Harrison Bergeron-ing a Too-Exceptional Sprinter

Harrison Bergeron-ing a Too-Exceptional Sprinter October 7, 2014

different-body-types-olympic-athletes-howard-schatz-5

There’s an article in the NYT today covering one of my philosophy of the body hobbyhorses.  Dutee Chand, an 18-year old champion sprinter, has been told she must have surgery or start a drug regimen in order to be allowed to compete in official races.  The problem? Her body naturally produces more testosterone than usual, and administrators worry it gives her an unfair advantage:

Arne Ljungqvist, the longtime chairman of the I.O.C.’s medical commission, said a hyperandrogenism policy was necessary because Olympic sports have an overrepresentation of athletes with both male and female anatomical characteristics.

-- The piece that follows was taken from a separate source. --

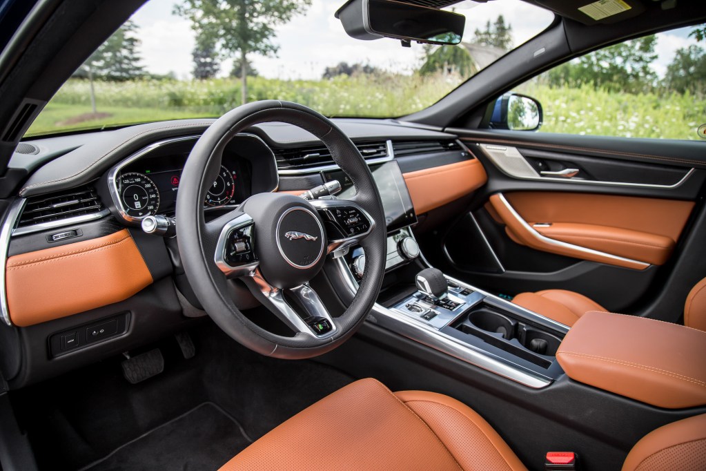 Chances are you will be seeing plenty more F-Paces on the road than XF Sedans. SUVs are just more popular with the masses, and the XF model line up clearly reflects that. There is only one trim available: XF R-Dynamic P300 AWD. That means a 296-hp, 2.0-litre turbo-four engine is all that’s available, mated to a smooth shifting 8-speed automatic, all-wheel drive, and a 0-100 km/h time of 6.1 seconds. There’s no V6 and no plug-in hybrid available, but that may have been a smart move for Jaguar, diverting their resources to their heavy hitters rather than their low-volume offerings. At least they still offer a sedan. And while the XF has always been objectively inferior to the BMW 5 Series, Audi A6, and Mercedes E-Class, it’s still an overwhelmingly charming alternative for those seeking something outside the box of bratwursts.

One recent study on women competing at the 2011 track and field world championships found that 7 in 1,000 elite track and field athletes had hyperandrogenism and some blend of male and female anatomical characteristics. That’s 140 times more than expected in the general population.

“People who say, ‘This is nothing; we don’t need this rule,’ don’t know sports or are at some distance from sport,” Ljungqvist said. “This is not an easy matter. It’s an evolving matter. We just can’t bury our heads in the sand and pretend these conditions do not exist.”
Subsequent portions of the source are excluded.